Study finds boys three times more likely to get maths and science toys for Christmas

Boys are almost three times as likely as girls to receive science and maths toys this Christmas, the UK's Institution of Engineering and Technology has said.

Study finds boys three times more likely to get maths and science toys for Christmas

Boys are almost three times as likely as girls to receive science and maths toys this Christmas, the UK's Institution of Engineering and Technology has said.

The IET found that 31% of science, technology, engineering and maths (Stem) toys were listed for boys, compared with 11% listed for girls, after analysing 360 toys and images across the top 10 retailer websites as well as 594 search engine results.

Using the search terms "boys' toys" and "girls' toys", the study also found that 89% of toys listed for girls were pink compared with 1% for boys.

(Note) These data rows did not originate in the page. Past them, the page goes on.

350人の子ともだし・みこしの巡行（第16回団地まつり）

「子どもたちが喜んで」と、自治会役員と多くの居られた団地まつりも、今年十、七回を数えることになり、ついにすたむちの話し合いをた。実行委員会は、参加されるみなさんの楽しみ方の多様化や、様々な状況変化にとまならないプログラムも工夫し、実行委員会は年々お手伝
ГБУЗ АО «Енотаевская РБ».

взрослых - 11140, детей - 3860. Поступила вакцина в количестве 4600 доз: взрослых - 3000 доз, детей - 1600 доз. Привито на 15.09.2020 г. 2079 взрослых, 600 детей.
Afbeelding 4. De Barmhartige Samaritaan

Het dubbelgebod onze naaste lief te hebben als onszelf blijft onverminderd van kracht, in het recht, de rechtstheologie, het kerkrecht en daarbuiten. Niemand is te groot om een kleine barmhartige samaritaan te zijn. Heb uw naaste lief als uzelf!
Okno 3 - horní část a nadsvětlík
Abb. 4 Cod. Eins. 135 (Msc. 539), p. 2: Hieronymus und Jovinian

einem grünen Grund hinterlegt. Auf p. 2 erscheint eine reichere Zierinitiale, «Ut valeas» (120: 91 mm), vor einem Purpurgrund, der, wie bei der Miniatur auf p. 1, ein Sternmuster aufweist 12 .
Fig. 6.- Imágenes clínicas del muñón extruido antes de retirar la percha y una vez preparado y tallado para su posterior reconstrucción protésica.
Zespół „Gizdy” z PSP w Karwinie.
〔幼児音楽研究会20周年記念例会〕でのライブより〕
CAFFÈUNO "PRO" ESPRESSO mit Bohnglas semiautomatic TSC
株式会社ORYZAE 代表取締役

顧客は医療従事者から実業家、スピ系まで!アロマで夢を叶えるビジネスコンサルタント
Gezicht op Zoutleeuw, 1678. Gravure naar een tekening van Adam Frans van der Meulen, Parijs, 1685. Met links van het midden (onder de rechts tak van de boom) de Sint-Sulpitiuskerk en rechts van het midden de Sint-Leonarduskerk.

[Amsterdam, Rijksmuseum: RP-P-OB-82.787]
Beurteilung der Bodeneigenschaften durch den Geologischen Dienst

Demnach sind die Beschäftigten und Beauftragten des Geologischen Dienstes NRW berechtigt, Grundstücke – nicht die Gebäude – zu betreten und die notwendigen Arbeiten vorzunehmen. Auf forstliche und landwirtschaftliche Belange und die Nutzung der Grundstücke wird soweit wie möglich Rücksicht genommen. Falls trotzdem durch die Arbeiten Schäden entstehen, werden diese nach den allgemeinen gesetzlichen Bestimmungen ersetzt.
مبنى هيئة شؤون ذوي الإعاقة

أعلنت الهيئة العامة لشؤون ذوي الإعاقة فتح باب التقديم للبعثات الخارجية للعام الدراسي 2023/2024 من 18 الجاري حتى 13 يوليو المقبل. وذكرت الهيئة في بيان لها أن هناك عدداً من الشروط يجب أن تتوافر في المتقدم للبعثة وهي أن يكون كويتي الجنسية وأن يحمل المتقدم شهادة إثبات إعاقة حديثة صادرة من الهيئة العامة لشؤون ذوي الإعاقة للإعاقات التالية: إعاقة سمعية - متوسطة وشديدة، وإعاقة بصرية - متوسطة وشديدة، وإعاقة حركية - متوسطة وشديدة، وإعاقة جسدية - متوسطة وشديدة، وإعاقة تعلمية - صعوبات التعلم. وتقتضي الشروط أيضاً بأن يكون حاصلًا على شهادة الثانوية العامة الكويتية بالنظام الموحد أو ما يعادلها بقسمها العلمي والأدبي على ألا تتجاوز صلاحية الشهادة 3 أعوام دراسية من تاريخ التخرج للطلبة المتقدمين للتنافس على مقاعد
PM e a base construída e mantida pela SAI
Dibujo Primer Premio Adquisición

The report said Google, Yahoo, Bing and Amazon stood out as the "main culprits" for the high numbers of pink toys listed under "girls' toys".

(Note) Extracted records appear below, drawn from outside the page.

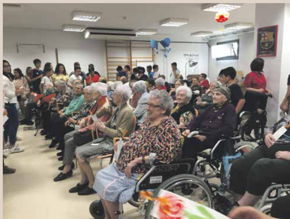
Els nens i els avis

Un altre dels moments importants de l'assemblea va ser l'anunci dels actes per commemorar els 150 anys de la cooperativa. El primer acte arribarà el 10 de juny, amb un oferiment d'una llàntia a Santa Oliva. El gruix d'actes de
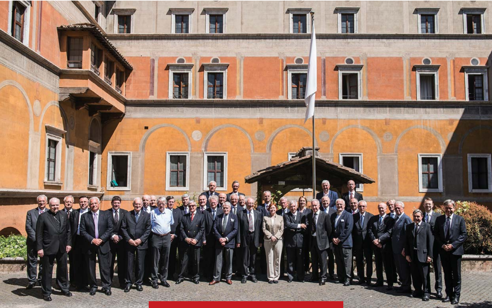
Los Lugartenientes europeos reunidos en el Palazzo Della Rovere, en mayo de 2015.

tribuir así a movilizarlos a favor de los cristianos de Oriente de los cuales muchos miembros han encontrado refugio en las parroquias del Patriarcado latino de Jerusalén, en particular en el Reino hachemita de Jordania.
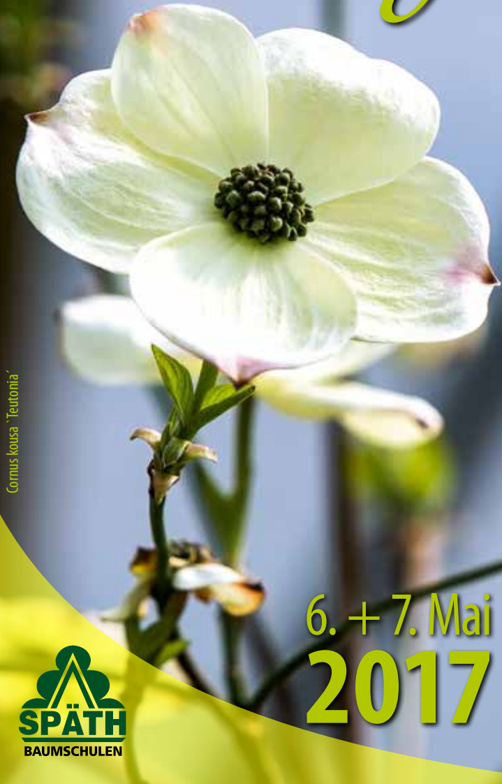
Cornus kousa 'Teutonia'
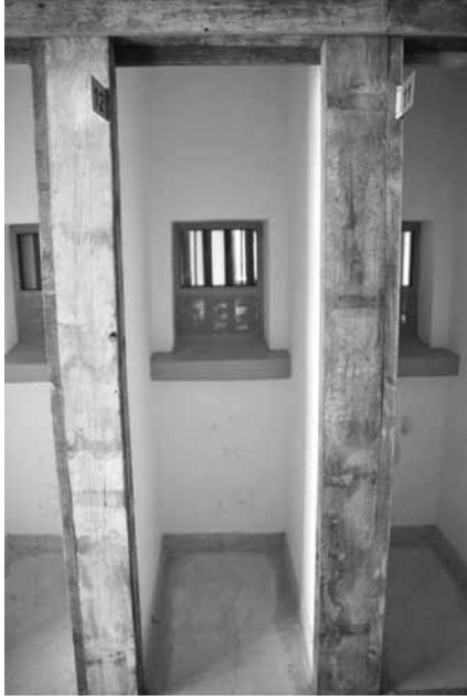
Ulucanlar'da tek kişilik hücre
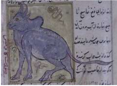
لوحة (۸) تصویرة تمثل جاموس ، من مخطوط عجائب المخلوقات وغرائب الموجودات ، المؤرخ ۸۲۷هـ / ۱۴۲۳ م ، محفوظ في مكتبة جامع لاله لي بتركيا ، تدرس وتنتشر لأول مرة
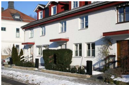
Radhus vid Nygatan
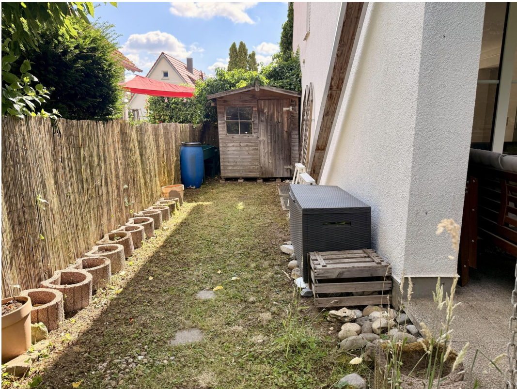
Garten Ost mit Gerätehütte
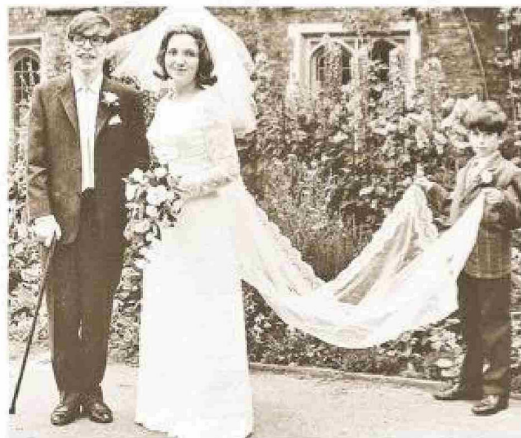
A los 19 años, Hawking sintió los primeros síntomas de su mal. No sabía lo que era. No lo supo hasta dos años después, cuando el diagnóstico dijo ELA y él estaba ya en pareja con Jane Wilde. Se casaron el 14 de julio de 1965.

El profesor Stephen Hawking investigó toda su vida las leyes básicas que rigen el universo. De hecho fue el primero en elaborar una ecuación para unificar la relatividad general y la física cuántica. Su principal contribución a la ciencia reside en la conocida teoría del todo, palabras que da nombre, por cierto, a su película biográfica. Es decir, fue el primer educador científico que unificó la Teoría de la Relatividad General de Albert Einstein con las leyes de la física cuántica de Max Planck. Hawking dejó las nuevas bases para seguir las generaciones humanas investigando y estudiando el vasto universo, incluido desde Magallanes Antártico.
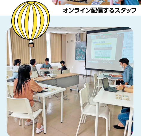
10月 開けよう!ミライのとびら ～進路座談会～
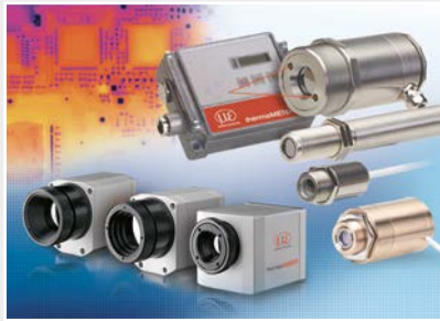
Sensoren und Messgeräte für berührungslose Temperaturmessung
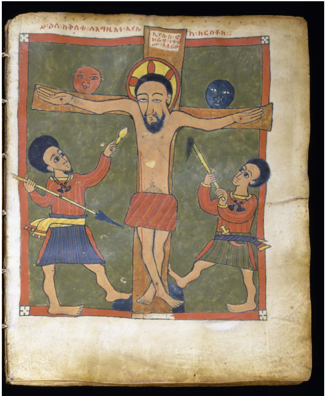
La Lune et le Soleil de part et d'autre de la Croix : à la page de gauche dans un panneau byzantin représentant la Crucifixion (musée de Cluny, Paris) et, ci-dessus, dans les évangiles Gunda Gunde - Walters W850197R - Open Obverse, Ethiopie. (Wikipedia)
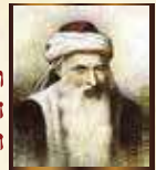
רבי יוסף קארו הרמ"ח - ה'של"ה השולחן ערוך, הבית יוסף, מרן והמחבר. עסק גם בקבלה
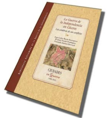
La Guerra de la Independencia en Cáceres. Las sombras de un conflicto , II Premio de Investigación Histórica José María Calatrava de Caja Extremadura.

- El jueves 15 de enero , en la Biblioteca Pública de Cáceres y a las 20.00 horas , se proyectará el nuevo documental de Producciones MORRIMER , Los refugiados de Barrancos . Organiza el GEHCEx.
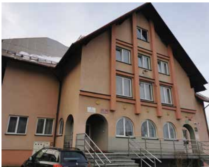
Budynek Wielofunkcyjny w Brzuśniku

Obiektami poddanym pracom termomodernizacyjnym będą trzy przedszkola: Przedszkole im. Władysława Pieronka w Radzie-
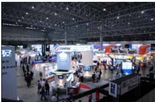
CEATECには5日間で約20万人が来場。

CEATEC出展は、当社がカーエレクトロニクスの総合商社である事に加え、技術商社としての存在を、産業界及びエンドユーザーに示す絶好の場となりました。当社は今後も各種展示会に積極的に出展していく所存です。
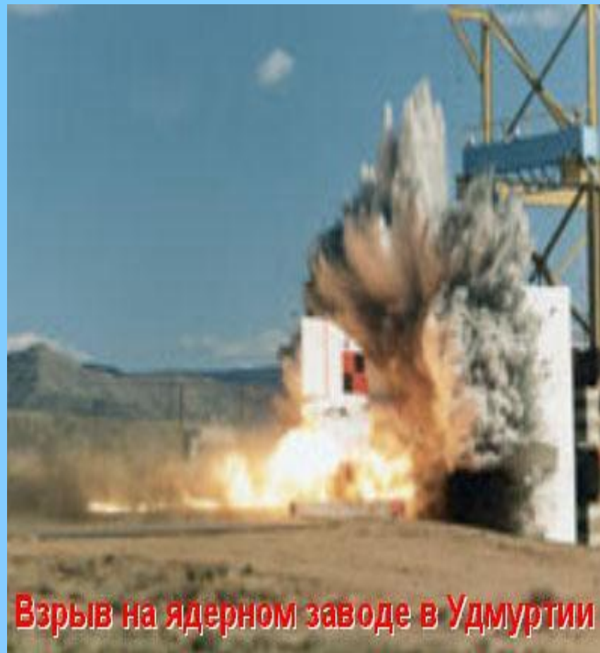
Взрыв на ядерном заводе в Удмуртии
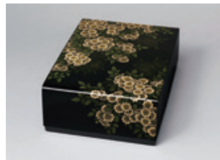
3.忖山美知子《蒔薺箱「木陰」》 2004年
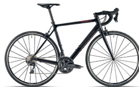
CANYON ENDURANCE CF 8.0 Carbon Rahmen, Shimano Ultegra, 50/34, 11-32
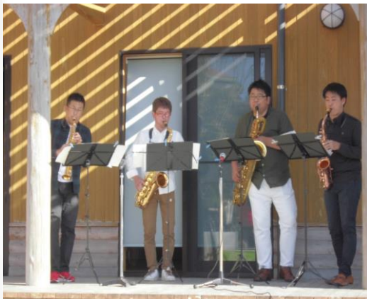
サクソフォンアンサンブル”る・トレフル”

The IET warned that societal stereotypes driving the gendered gift lists could be turning young girls away from careers in technology and engineering.

It said that while the onus was on parents to "think outside the pink and blue boxes" when shopping for their children, toy retailers and search engines also had a responsibility not to perpetuate gender stereotypes.

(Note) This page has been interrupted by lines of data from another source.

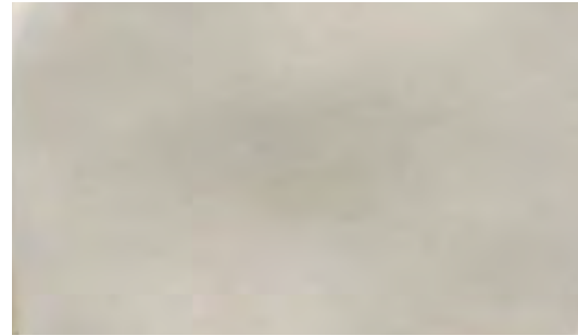
Platino • Platinum Platino
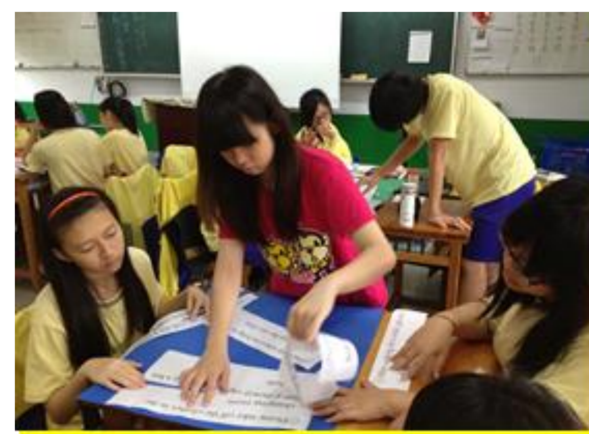
同學分組完成學習任務
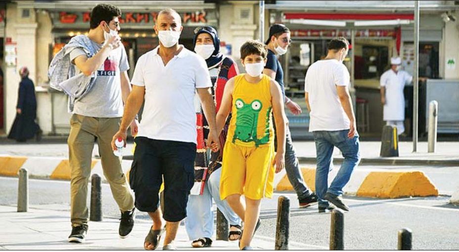
တူရကီနိုင်ငံ အစွတန်ဘူလ်မြို့တွင် နှာခေါင်းစည်းတပ်ဆင်ကာ သွားလာကြသူများကို တွေ့ရစဉ်။
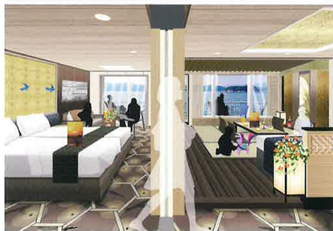
セミスイートコネクト(左) スイート和洋室コネクト(右) ↔つなげると『コネクティング_スイート』

2部屋が内扉でつながる「コネクティングルーム」をご用意。和室と洋室をコネクトすることで、 3世代でご乗船のお客様に大変便利にご利用いただけます。
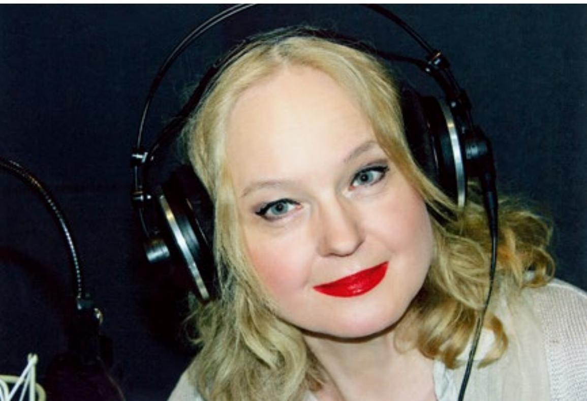
На записи аудиокниги
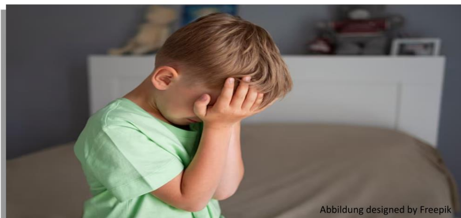
Abbildung designed by Freepik
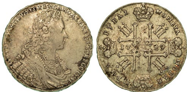
468 RUSSIA. PETR II, 1727-1730.

Rublo 1729. Busto a d. R/ Croce coronata. KM# 182.3. Arg. g. 28,03. MB/BB
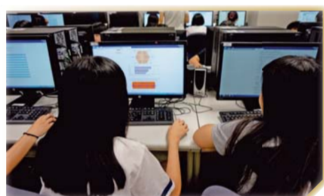
▲學生於施測後閱讀測驗結果藉以了解個人職涯方向

Search engines in particular could look at introducing ways of detecting patterns of gender bias, the charity said.

The latest figures from the IET's 2016 Skills and Demand in Industry survey show that women account for just 9% of engineers in the UK.

However separate IET research conducted with parents and children found that 39% of primary school girls said they enjoy ICT and computing, 38% enjoy maths and 36% like science.

The same study found just 7% of parents think that engineering would appeal to their daughter as a career.

IET spokeswoman Mamta Singhal said: "The research shows girls clearly do have an interest in science, technology and engineering subjects at school so we need to find ways to help this to translate into a higher number of women entering the industry.

"The toy industry is changing slowly and over the years more gender neutral toys such as science kits have started appearing. Toys can really influence what a child does in later years. Therefore Stem toys are a natural move for the industry."

Jess Day, from the campaign Let Toys Be Toys, said: "We previously asked women engineers and scientists about the toys they played with as children and the most interesting finding was, not that they all played with construction or science toys, but they didn't recall being aware of a distinction between girls and boys toys at all.

"It's not just the toys which are the issue, but the whole idea that some things are just for boys or girls. If children learn that early, it's hardly surprising that they go on to apply this logic to their career choices too."